Early activities of the Lion's Society included memorialisation of dissident poet Vasyl Symonenko and the revival of Vertep in Lviv, as well as vesnianky dances. Outside of Lviv, the society launched an expedition to the village of Havarechchyna to learn and assist in the continued creation of local ceramic traditions. Members of the society were also engaged in environmental activism, protesting outside the building of the Lviv Oblast Council against the creation of a reservoir near Stryi.

With the intensification of perestroika in the leadup to the 19th All-Union Conference of the Communist Party of the Soviet Union the Lion's Society increasingly found itself at the centre of the growing Ukrainian anti-communist movement. Sheika's name was publicly floated as a possible delegate to the conference, and activists from the society had formed the Taras Shevchenko Society for the Ukrainian Language, a group involved in helping to promote the Ukrainian language against Russification. The group organised community theatre performances at the Young Spectator Theatre (now the First Ukrainian Theatre for Children and Youth) on the Shevchenko Days.

The Lion's Society's increased growth also brought notable figures of the Ukrainian dissident movement to its defence, notably Mykhailo Horyn. Horyn praised the society particularly for the foundation of the Shevchenko Society, referring to it as "one of the rungs of the ladder by which we will raise our consciousness, which has fallen so low it is difficult to imagine." The society continued to organise events throughout 1988, including the Dniester-88 rafting expedition to investigate the ecological state of the Dniester basin. The path of the expedition has since become the site of an annual rafting competition and ecological study.

During the 1989 Soviet Union legislative election the Lion's Society ignored calls from the Ukrainian Helsinki Union (at the time the only non-communist political party in Ukraine) to boycott the election. Instead, they nominated poet and society member Rostyslav Bratun as a candidate for deputy. Bratun exemplified the society's policies of multiculturalism, being closely connected with Lviv's Polish and Jewish communities and supporting the revival of the Ukrainian Greek Catholic Church despite being Eastern Orthodox. Bratun would go on to be successfully elected, and parliamentary immunity enabled him to serve as a vocal proponent for Ukrainian independence.
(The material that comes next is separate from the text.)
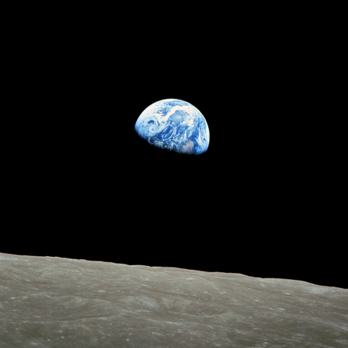 The second image is a photo taken 40 years ago by Apollo 8 crewmember Bill Anders on December 24, 1968, showing the Earth seemingly rising above the lunar surface. Note that this phenomenon is only visible from someone in orbit around the Moon. Because of the Moon’s synchronous rotation about the Earth (i.e., the same side of the Moon is always facing the Earth), no Earthrise can be visible from the surface of the Moon.
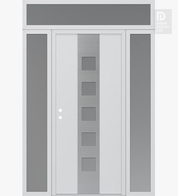 Modern Steel Front Door DIAMOND A13 60" X 96" BLACK/WHITE FROSTED GLASS PANEL STAINLESS STEEL LHI WITH 2 SIDELITES AND TRANSOM FROSTED GLASS

Since the Declaration of Independence of Ukraine the Lion's Society has left politics, although it continues to be active in organising certain actions such as Dniester-88.

== Legacy ==
Several other non-governmental organisations during the 1989–1991 Ukrainian revolution began as part of the Lion's Society. Spadshchyna, another organisation which would later help to form the People's Movement of Ukraine, emerged from the Lion's Society. The samizdat newspaper Postup (newspaper), the society's press organ, also served as a springboard for journalists such as Oleksandr Kryvenko and Georgiy Gongadze. American historian Padraic Kenney has said that the society played an important role in the restoration of Lviv's identity as a part of Central Europe after communist rule.